TT = (3600/BFR) – ( PT + (CT / UC))

For a system that has a base fulfillment rate (BFR) of 120 units per hour, 10 units per carton (UC), a pick time of 6 seconds and a carton setup and close time of 60 seconds, the transit time is:

TT = (3600/120) – ( 6 + (60/10))

TT = (30) – (6 + 6)

TT = 18 seconds

To batch-pick with a pick cart is one of the most popular ways of reducing transit time per transaction. Picking several orders at the same time will reduce the transit time by nearly the number of orders picked simultaneously – the size of the batch (SB). There is a small increase in handling time of each item due to the need to select which order container to put the item into—the selection time (ST). There are means to nearly eliminate the additional selection time (ST) through lights and automatic pushers. ST is almost never greater than 2 seconds and in many cases can be less than .5 seconds.

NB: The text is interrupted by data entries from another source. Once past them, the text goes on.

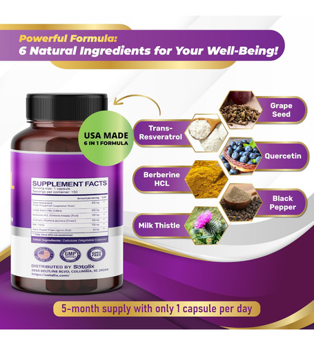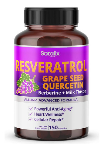 • Valor pendente: o suplemento Sotalix Resveratrol oferece valor notável com uma generosa por porção e 150 cápsulas em cada garrafa, fornecendo uma fonte de 5 meses • Abrace a beleza em todas as etapas da vida com Sotalix Resveratrol: Uma cápsula diária promove a longevidade, bem-estar celular, envelhecimento saudável, suporte imune e bem-estar cerebral • Mistura distintiva: o suplemento Sotalix Resveratrol apresenta uma mistura exclusiva de 6 em 1 de ingredientes premium, como trans-resveratrol, semente de uva, quercetina, cardo de leite, berberina HCl e pimenta preta • Fórmula aprimorada: o suplemento Sotalix Resveratrol combina dois antioxidantes potentes, resveratrol e quercetina, promovendo a pele mais saudável e minimizando os sinais visíveis de envelhecimento • Concentração excepcional de ingredientes: este suplemento possui um poderoso poligonum cuspidatum e cardo de leite, juntamente com um hcl berberina para benefícios aprimorados de bem -estar Color: Marca: SOTALIX SUPPLEMENT Dimensiones: 0.11 x 0.06 x 0.06mts. Peso del Producto: 0.12 Kilogramos. Peso de Envio: 0.12 Kilogramos. Modelo: B0CH2PNDN7 Garantia do vendedor: 30 dias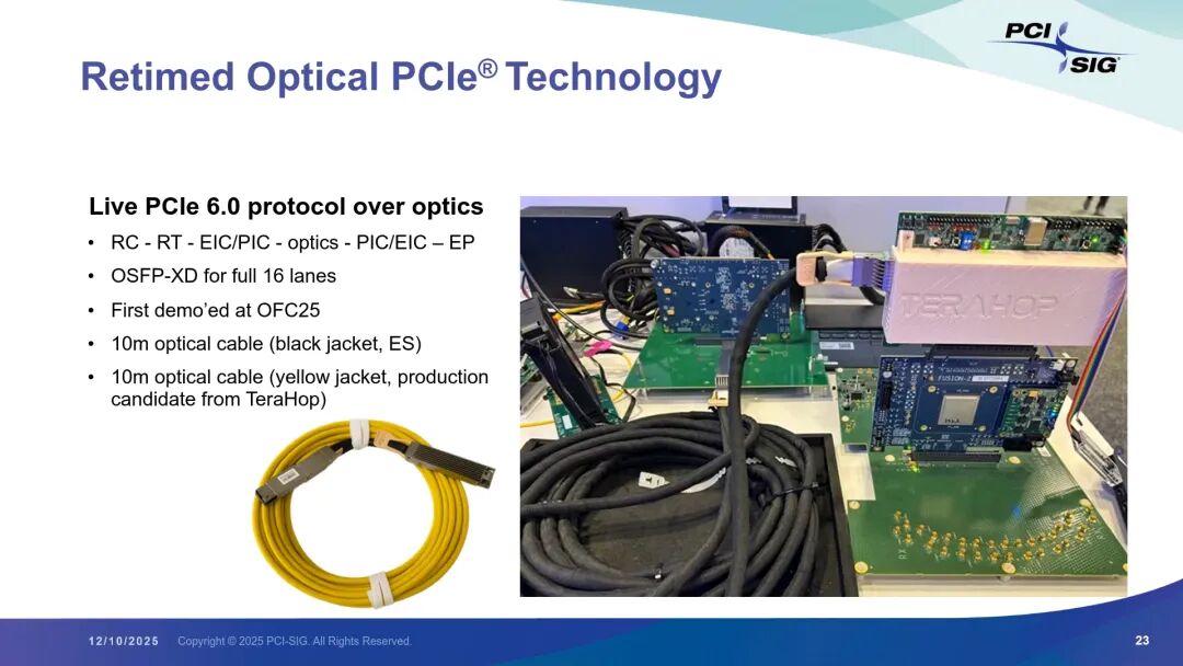 在光传输领域,Marvel在OFC 2025上演示了全球首个PCIe 6.0光链路方案,通过1个Retimer配合10米光缆,实现16 lane、64 GT/s的协议传输,验证了PCIe跨机架光互联的可行性。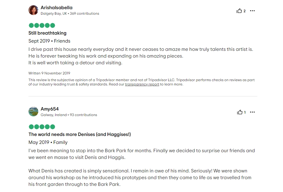 据说,Denis的花园的确在TripAdvisor上被当做景点列出,并且截至2020年,大多评价都不错,很多人也在赞叹Denis的创意和才华!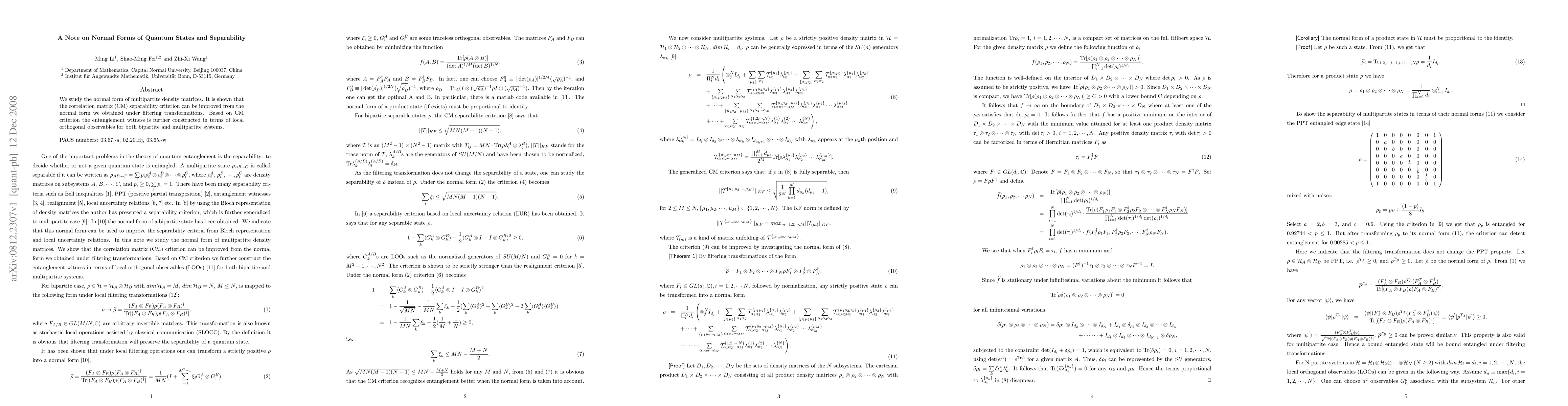 We study the normal form of multipartite density matrices. It is shown that the correlation matrix (CM) separability criterion can be improved from the normal form we obtained under filtering transformations. Based on CM criterion the entanglement witness is further constructed in terms of local orthogonal observables for both bipartite and multipartite systems.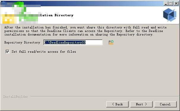 3、设置安装目录,默认安装在“C:\DeadlineRepository10”

The calculated transit time for the new batch fulfillment system (TTN) is based on the calculation of transit time (TT) for filling single orders (see above). The formula for calculation is:

TTN = (TT / SB) + ST

Converting from a paper based single order fulfillment system as described above to a batch picking system with carts holding nine orders (SB) would yield a travel time of

TTN = (TT / SB) + ST

TTN = (18 / 9 ) + 2

TTN = 4 ; or a travel time reduction of TT – TTN = 18 – 4 = 14 seconds

The fulfillment rate of the new batch system (NFR) is calculated as follows:

NFR = 3600 / ( TTN + PT + ( CT / UC ) )

NRF = 3600 / ( 4 + 6 + ( 60 / 10 ) )

NFR = 3600 / 16

NFR = 225

The single order fulfillment rate (FR) in the example above was 120. With the new fulfillment rate of 225, the productivity increase is a whopping 187% (225 / 120)

Why batch pick? Because you are not running a gym!